Required work » When you reach the line that contains "Fazer, Executar: Nesta" in the data below, start reproducing lines exactly, and stop after the line that contains "Created to add".
Entries shown section start
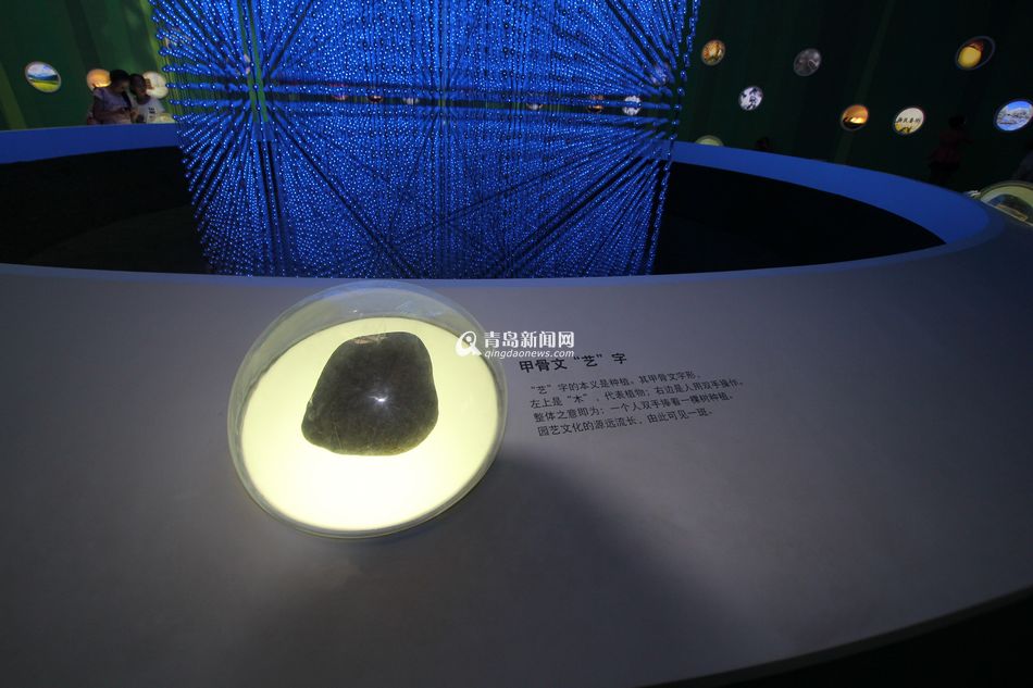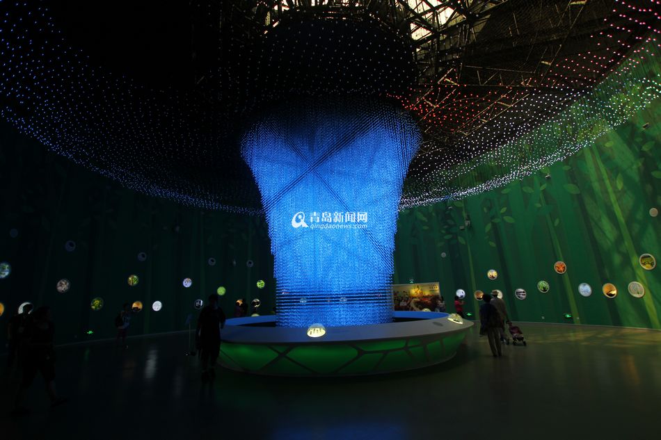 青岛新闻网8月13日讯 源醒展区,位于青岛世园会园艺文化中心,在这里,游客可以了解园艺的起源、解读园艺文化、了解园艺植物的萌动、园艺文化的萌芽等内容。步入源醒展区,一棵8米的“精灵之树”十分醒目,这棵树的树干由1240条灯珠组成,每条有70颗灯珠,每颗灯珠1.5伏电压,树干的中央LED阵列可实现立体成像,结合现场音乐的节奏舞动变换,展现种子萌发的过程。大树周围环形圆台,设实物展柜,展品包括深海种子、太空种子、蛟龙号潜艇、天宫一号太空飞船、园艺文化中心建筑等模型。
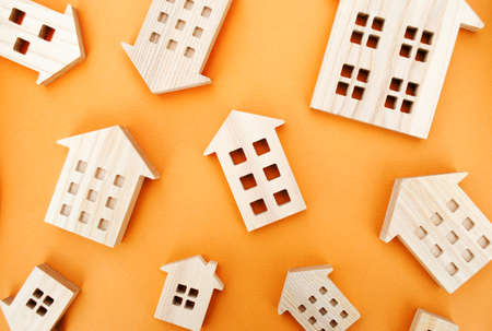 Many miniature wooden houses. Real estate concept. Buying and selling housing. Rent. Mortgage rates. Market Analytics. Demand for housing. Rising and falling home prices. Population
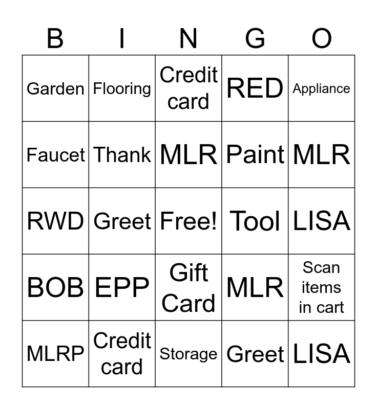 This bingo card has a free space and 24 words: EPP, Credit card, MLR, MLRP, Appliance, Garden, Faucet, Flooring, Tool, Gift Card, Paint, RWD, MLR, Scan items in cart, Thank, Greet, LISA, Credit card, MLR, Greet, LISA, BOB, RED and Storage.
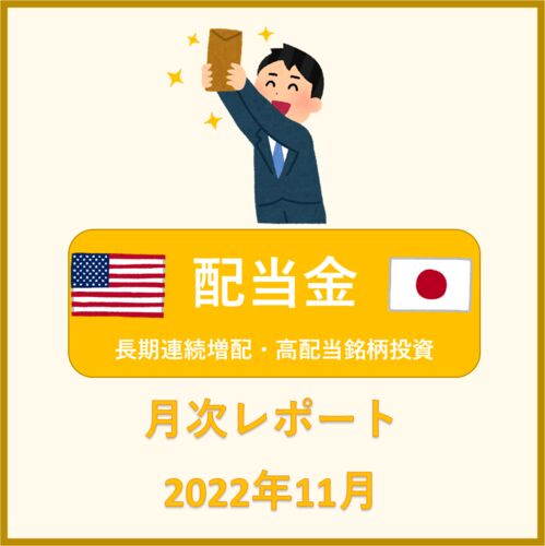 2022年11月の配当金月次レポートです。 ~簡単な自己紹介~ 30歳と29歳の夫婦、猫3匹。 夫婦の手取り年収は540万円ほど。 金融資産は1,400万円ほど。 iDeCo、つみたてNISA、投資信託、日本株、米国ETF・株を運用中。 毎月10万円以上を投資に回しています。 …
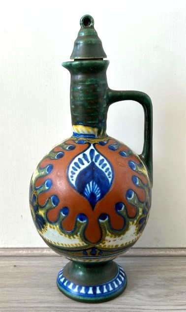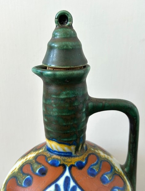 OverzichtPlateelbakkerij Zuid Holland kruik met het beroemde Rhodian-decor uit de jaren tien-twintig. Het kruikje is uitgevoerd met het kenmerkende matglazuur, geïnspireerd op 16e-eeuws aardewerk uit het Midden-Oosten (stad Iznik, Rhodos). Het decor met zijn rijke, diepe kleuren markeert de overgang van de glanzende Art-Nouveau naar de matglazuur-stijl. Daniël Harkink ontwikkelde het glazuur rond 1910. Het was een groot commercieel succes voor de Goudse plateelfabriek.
Entries shown section end
Entries shown section start
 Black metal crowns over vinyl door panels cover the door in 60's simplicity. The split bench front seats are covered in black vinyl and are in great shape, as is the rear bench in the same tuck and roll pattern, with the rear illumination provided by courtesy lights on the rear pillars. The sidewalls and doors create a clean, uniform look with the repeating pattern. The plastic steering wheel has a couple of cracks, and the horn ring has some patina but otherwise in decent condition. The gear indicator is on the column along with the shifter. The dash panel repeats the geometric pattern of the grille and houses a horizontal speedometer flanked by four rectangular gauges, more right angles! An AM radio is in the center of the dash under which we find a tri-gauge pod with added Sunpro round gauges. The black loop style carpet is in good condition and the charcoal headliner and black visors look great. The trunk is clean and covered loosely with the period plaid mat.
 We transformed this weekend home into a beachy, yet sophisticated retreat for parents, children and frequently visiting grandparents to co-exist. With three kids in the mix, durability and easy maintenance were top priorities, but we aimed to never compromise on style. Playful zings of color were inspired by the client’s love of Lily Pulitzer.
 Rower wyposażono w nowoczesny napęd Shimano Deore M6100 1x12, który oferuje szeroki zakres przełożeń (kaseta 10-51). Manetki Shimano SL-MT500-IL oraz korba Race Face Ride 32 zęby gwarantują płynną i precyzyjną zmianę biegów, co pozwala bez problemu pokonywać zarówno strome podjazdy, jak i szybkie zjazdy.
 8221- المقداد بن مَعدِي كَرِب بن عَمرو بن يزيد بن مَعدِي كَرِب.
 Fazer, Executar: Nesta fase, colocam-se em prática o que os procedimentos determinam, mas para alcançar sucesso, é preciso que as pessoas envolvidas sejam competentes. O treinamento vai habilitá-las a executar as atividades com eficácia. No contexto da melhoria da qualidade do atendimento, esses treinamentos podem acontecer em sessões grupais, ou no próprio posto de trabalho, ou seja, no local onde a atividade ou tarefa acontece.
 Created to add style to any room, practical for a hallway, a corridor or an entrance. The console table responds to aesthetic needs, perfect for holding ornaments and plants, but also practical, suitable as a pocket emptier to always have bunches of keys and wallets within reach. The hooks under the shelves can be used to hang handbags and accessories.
Entries shown section end
Answer box »
 Fazer, Executar: Nesta fase, colocam-se em prática o que os procedimentos determinam, mas para alcançar sucesso, é preciso que as pessoas envolvidas sejam competentes. O treinamento vai habilitá-las a executar as atividades com eficácia. No contexto da melhoria da qualidade do atendimento, esses treinamentos podem acontecer em sessões grupais, ou no próprio posto de trabalho, ou seja, no local onde a atividade ou tarefa acontece.
 Created to add style to any room, practical for a hallway, a corridor or an entrance. The console table responds to aesthetic needs, perfect for holding ornaments and plants, but also practical, suitable as a pocket emptier to always have bunches of keys and wallets within reach. The hooks under the shelves can be used to hang handbags and accessories.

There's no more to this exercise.